- The most effective way to scan during daylight is through a series of short, regularly-spaced eye movements in 10 degree sectors.
- If there is no apparent relative motion between another aircraft and yours, you are probably on a collision course.
- In haze, air traffic and terrain features appear to be farther away than they actually are.
- Prior to starting any maneuvers, make clearing turns and carefully scan the area for other aircraft.
- An aircraft in distress has the right-of-way over all other aircraft.
- When two aircraft on the same category are converging, but not head-on, the aircraft to the left shall give way. If the aircraft are on a head-on collision course, both aircraft should give way to the right.
- The least maneuverable aircraft normally has the right-of-way. For example, a glider has the right-of-way over an airship and an airship has the right-of-way over a airplane.
- When two or more aircraft are approaching an airport for the purpose of landing, the right-of-way belongs to the aircraft at the lower altitude.
- The minimum safe altitude anywhere must allow an emergency landing, following an engine failure, without undue hazard to persons or property on the surface.
- Over a congested area, you are required to fly 1,000 ft. above any obstacle within a horizontal radius of 2,000 ft. of your aircraft.
- When flying over an uncongested area, you must fly at least 500 ft. above the surface. Over sparsely populated or open water areas you cannot fly within 500 ft. of any person, vessel, vehicle, or structure.
- When taxiing in strong winds, proper use of the aileron and elevator controls will help you maintain control of your airplane. For example, when taxiing in a quartering headwind, hold the aileron up on the side from which the wind is blowing. In a quartering tailwind, position the aileron down on the side from which the wind is blowing.
- Generally, the most critical wind condition when taxiing a high-wing, tricycle-gear airplane is a quartering tailwind.
- When taxiing a tailwheel airplane, you should position the ailerons the same as you do for a tricycle-gear airplane. However, you should hold the elevator control aft (elevator up) in a headwind, and hold the elevator control forward (elevator down) in a tailwind.
- The runway's magnetic direction is rounded off to the nearest 10 degrees, with the last zero omitted. For example, runways oriented approximately 90 degrees and 270 degrees magnetic are designated by the numbers 9 and 27.
- At an uncontrolled airport, you can determine landing direction by observing the wind direction indicator. The extensions on the segmented circle indicate whether a left-hand or right-hand pattern should be used for a given runway.
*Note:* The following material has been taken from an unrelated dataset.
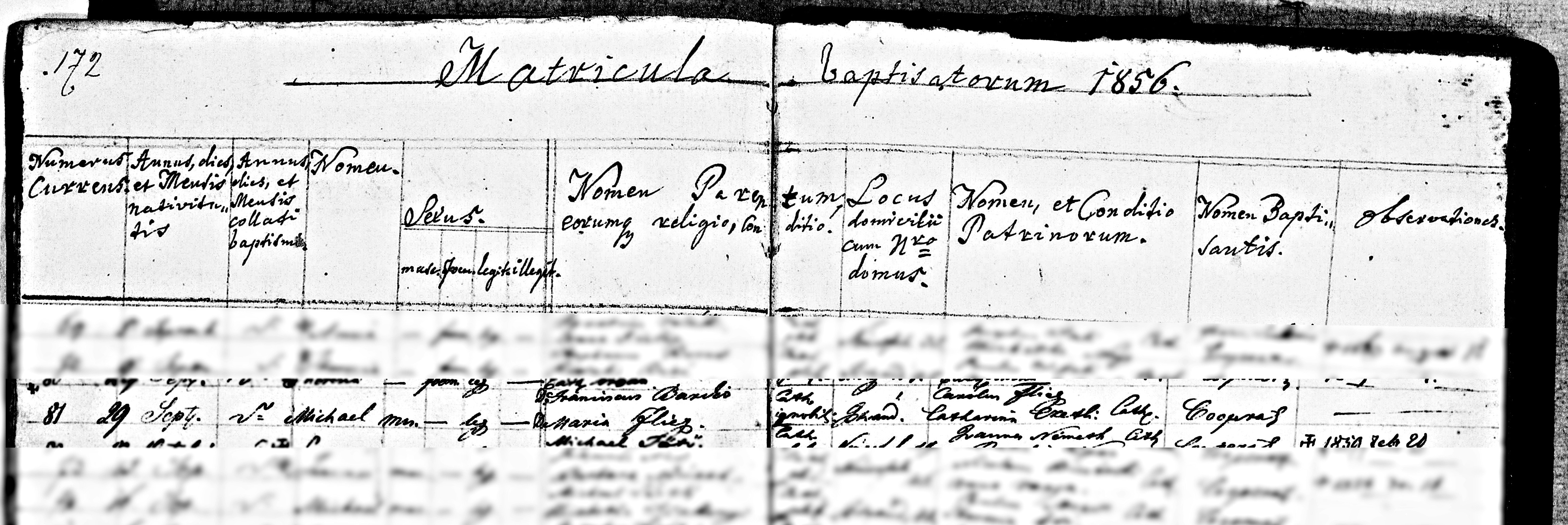 Bárdió Mihály születési anyakönyve1856-09-29Komlóssy Jolán 1866 X120

- On runways with a displaced threshold, the beginning portion of the landing zone is marked with a solid white line with white arrows leading up to it. Although the pavement leading up to a displaced threshold may not be used for landing, it may be available for taxiing, the landing rollout, and takeoffs.
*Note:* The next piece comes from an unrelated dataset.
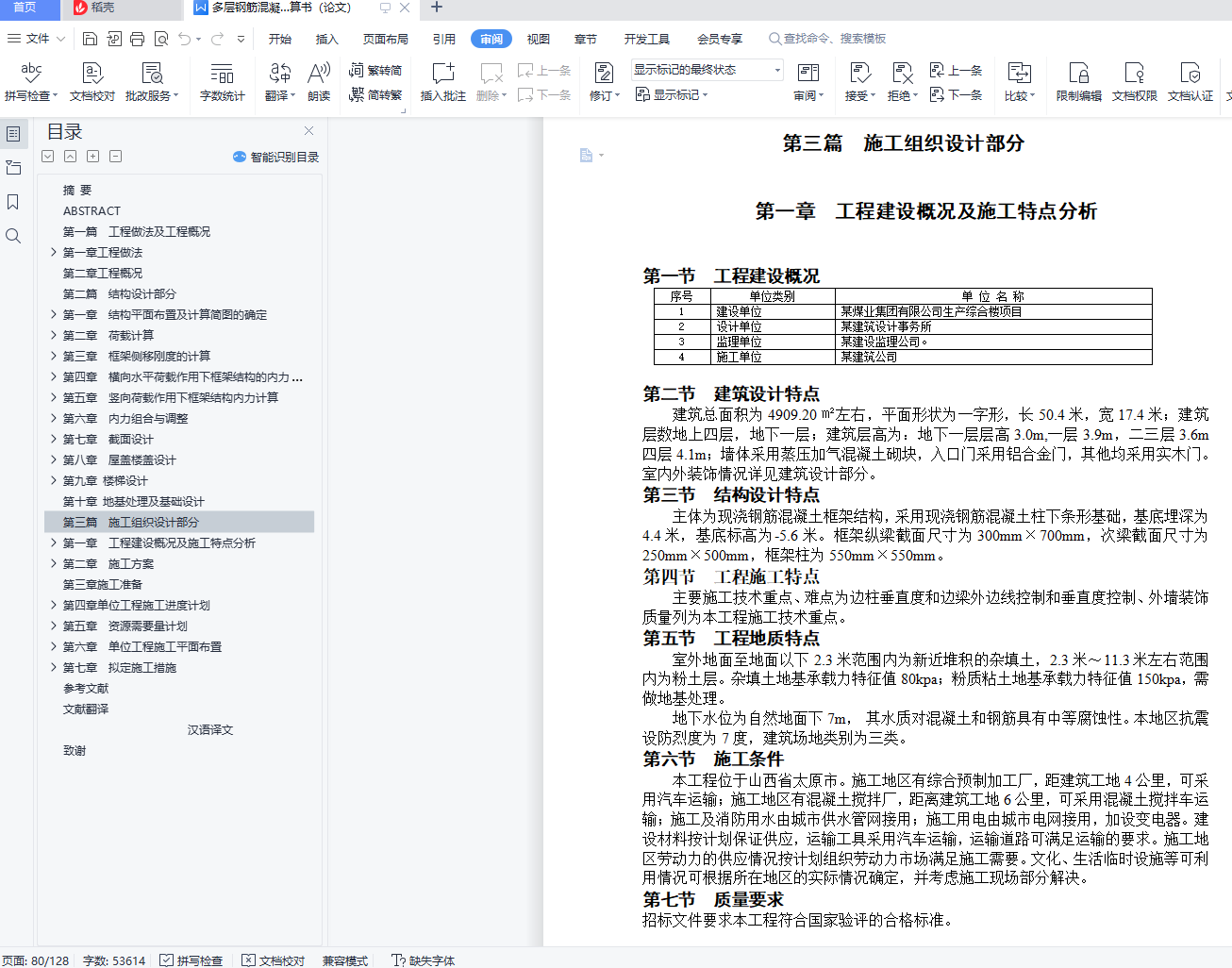 第一章 工程建设概况及施工特点分析

- A blast pad/stopway area cannot be used for taxiing, takeoff, or landing.
- A closed runway or taxiway is marked by a yellow X.
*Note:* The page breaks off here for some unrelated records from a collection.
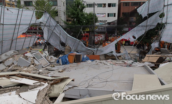 (서울=포커스뉴스) 18일 오후 서울 서대문구 홍은동 한 공사장에서 붕괴사고가 일어나 소방대원들이 구조작업을 벌이고 있다. 소방당국은 붕괴된 건물 지하에 1명이 매몰되어 있다고 밝혔다.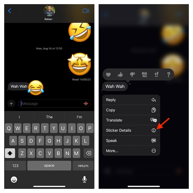 - 然后,按住表情符号,然后选择贴纸详情弹出菜单中的选项。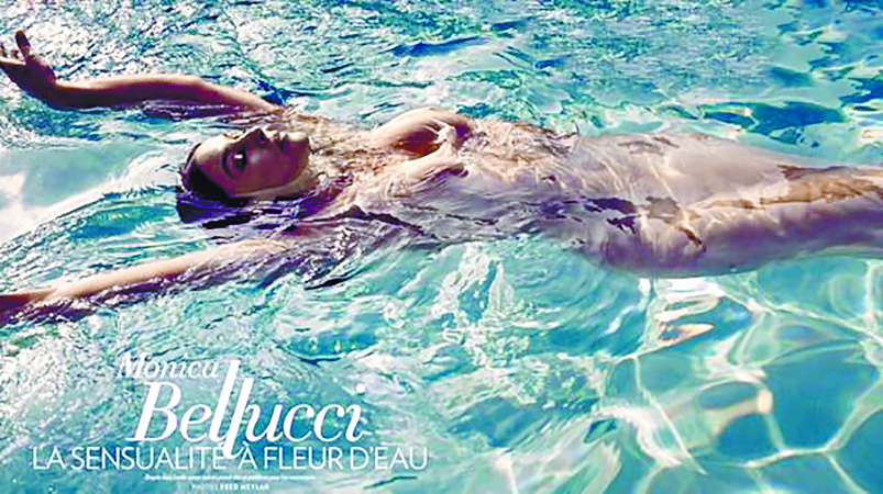 La diva italiana, que cumplirá 52 años el próximo 30 de septiembre, fue retratada para la portada de la revista francesa nadando sensual y relajadamente en una alberca.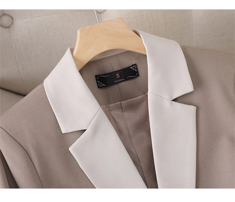 New Spring Autumn Color Block Women Slim Blazer Long Sleeve Single Button Office Ladies Business Work Wear Formal Jacket Coat

- An airport's rotating beacon operated during daylight hours normally indicates that weather at the airport is below basic VFR minimums.
- A military airport is identified by a rotating beacon which emits two quick, white flashes between green flashes.
- If you are landing at a controlled airport served by a VASI, regulations require that you maintain an altitude at or above the glide slope until a lower altitude is necessary for a safe landing.
- You will see white over white lights on the VASI if you are too high. Red over white indicates that you are on the glide path, and you are too low if the VASI shoes red over red.
- An above glide slope indication from a tricolor VASI is an amber light. If you see a green light, you are on glide path, and a red light indicates that you are too low.
- A below glide path indication from a pulsating approach slope indicator is a pulsating red light.
- A slightly high glide slope indication from a PAPI is three white lights and one red light.
- Blue omnidirectional lights identify the edge of the taxiway at night.
- To operate pilot-controlled lighting, key your mike seven times on the specified frequency to turn all the lights on at maximum intensity. Key the mike five times for medium-intensity lighting and three times for the lowest intensity.
- You can locate a position on an aeronautical chart by knowing its coordinates of latitude and longitude.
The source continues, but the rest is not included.